O leite também é fortificado com vitamina D, que juntamente com o cálcio, tem sido mostrado para promover maiores níveis de perda de gordura. De fato, um estudo de Siddiqui et al.13 analisou dois grupos diferentes de ratos obesos que foram alimentados com uma dieta com baixo teor de cálcio e vitamina D ou uma dieta com alto teor de cálcio e vitamina D. Após semanas em ambas as dietas, os ratos que consumiam uma dieta elevada do cálcio e da vitamina D reduziram a massa gorda de corpo devido a um nível mais grande da oxidação do ácido gordo.

Referências:
1. Tai S, Yokota Y, et ai. Efeitos da realimentação de curto prazo após redução rápida ou lenta da massa corporal na composição corporal em ratos adultos. Obes Res Clin Pract 2010; 4, e163-246.
2. van Loon LJ, Koopman R, et ai. Os lípidos intramocelulares formam uma importante fonte de substrato durante o exercício de intensidade moderada em machos treinados em resistência em estado de jejum. J Physiol 2003; 553, 611-625.
3. Larson-Meyer DE, recém-chegado BR e Hunter GR. Influência da dieta de corrida e recuperação de endurance sobre o conteúdo lipídico intramiocelular em mulheres: um estudo de RMN 1H. Am J Physiol Endocrinol Metab 2002; 282, E95-E106.

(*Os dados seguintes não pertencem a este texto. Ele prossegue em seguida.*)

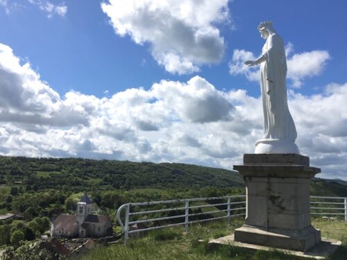 En 2026, le village de Saint-Laurent-la-Roche, surplombant la plaine de Bresse, célèbre le centenaire de la réinstallation de la statue de la Madone sur son belvédère.
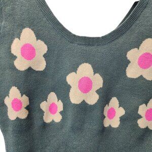 Bailey Rose Green Knit Crop Tank With Pink Daisy Flowers Size XS NWT

4. Hillier TA, Fryburg DA, et ai. A hiperinsulinemia extrema desenmascara o efeito da insulina para estimular a síntese protéica no antebraço humano. Am J Physiol 1998; 274, E1067-1074.
5. Loenneke JP, Wilson JM, et ai. A ingestão de proteínas de qualidade está inversamente relacionada com a gordura abdominal. Nutr Metab (Lond) 2012; 9, 5.
6. Saha AK, Xu XJ, et ai. A regulação negativa da AMPK acompanha os aumentos induzidos pela leucina e pela glucose na síntese proteica e na resistência à insulina no músculo esquelético do rato. Diabetes 2010; 59, 2426-2434.
7. Sofi F, Cesari F, et ai. Adesão à dieta mediterrânea e estado de saúde: meta-análise. Bmj 2008; 337, a1344.
8. Bender N, Portmann M, et ai. Peixe ou ingestão de n3-PUFA e composição corporal: uma revisão sistemática e meta-análise. Obes Rev. 2014; 15, 657-665.
9. Oi-Kano Y, Kawada T, et ai. A oleuropeína, um composto fenólico em azeite virgem extra, aumenta o conteúdo desacoplado de proteína 1 no tecido adiposo marrom e aumenta a secreção de noradrenalina e adrenalina em ratos. J Nutr Sci Vitaminol (Tóquio) 2008; 54, 363-370.